## YOUR TASK:
All of the data goes into your copy exactly as written. Images do not.

## AVAILABLE DATA:
────────────────────

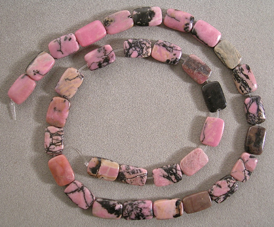 Rhodonite rectangle beads Catalog 1854 15.5 in. 12 x 8mm 150 carats $15(SOLD) |
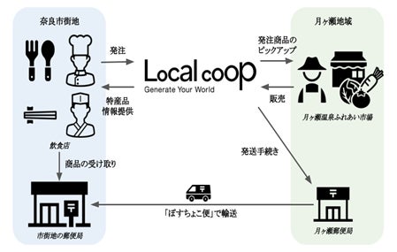 一方、『大和高原直送便』は、同じく郵便車両の空きスペースを有効活用し、月ヶ瀬の魅力的な野菜や物産を、月ヶ瀬地区から市街地に届ける新たな商流を創ることで、地域産業の維持・拡大等も目指している。
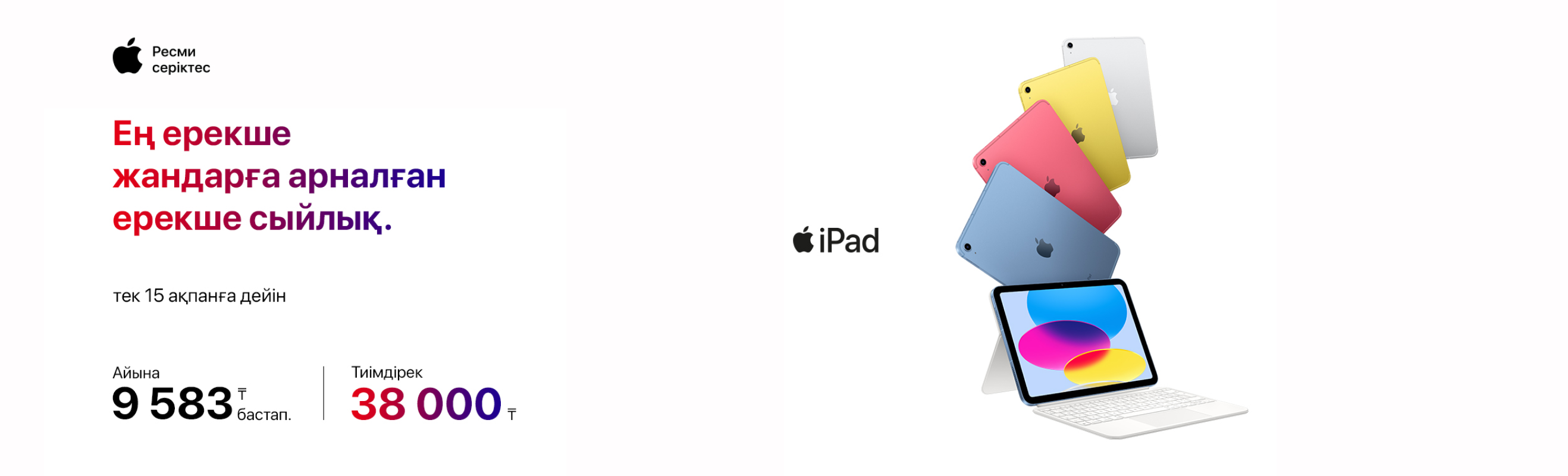 Ғашықтар күніне орай ресми Apple құрылғыларына арнайы ұсынысымыз бар.Тек 15 ақпанға дейінгі уақыт — жақын адамыңызды қуантатын немесе немесе өзіңізге сыйлық алатын кез.

────────────────────

## SOLUTION:
 Rhodonite rectangle beads Catalog 1854 15.5 in. 12 x 8mm 150 carats $15(SOLD) |
 一方、『大和高原直送便』は、同じく郵便車両の空きスペースを有効活用し、月ヶ瀬の魅力的な野菜や物産を、月ヶ瀬地区から市街地に届ける新たな商流を創ることで、地域産業の維持・拡大等も目指している。
 Ғашықтар күніне орай ресми Apple құрылғыларына арнайы ұсынысымыз бар.Тек 15 ақпанға дейінгі уақыт — жақын адамыңызды қуантатын немесе немесе өзіңізге сыйлық алатын кез.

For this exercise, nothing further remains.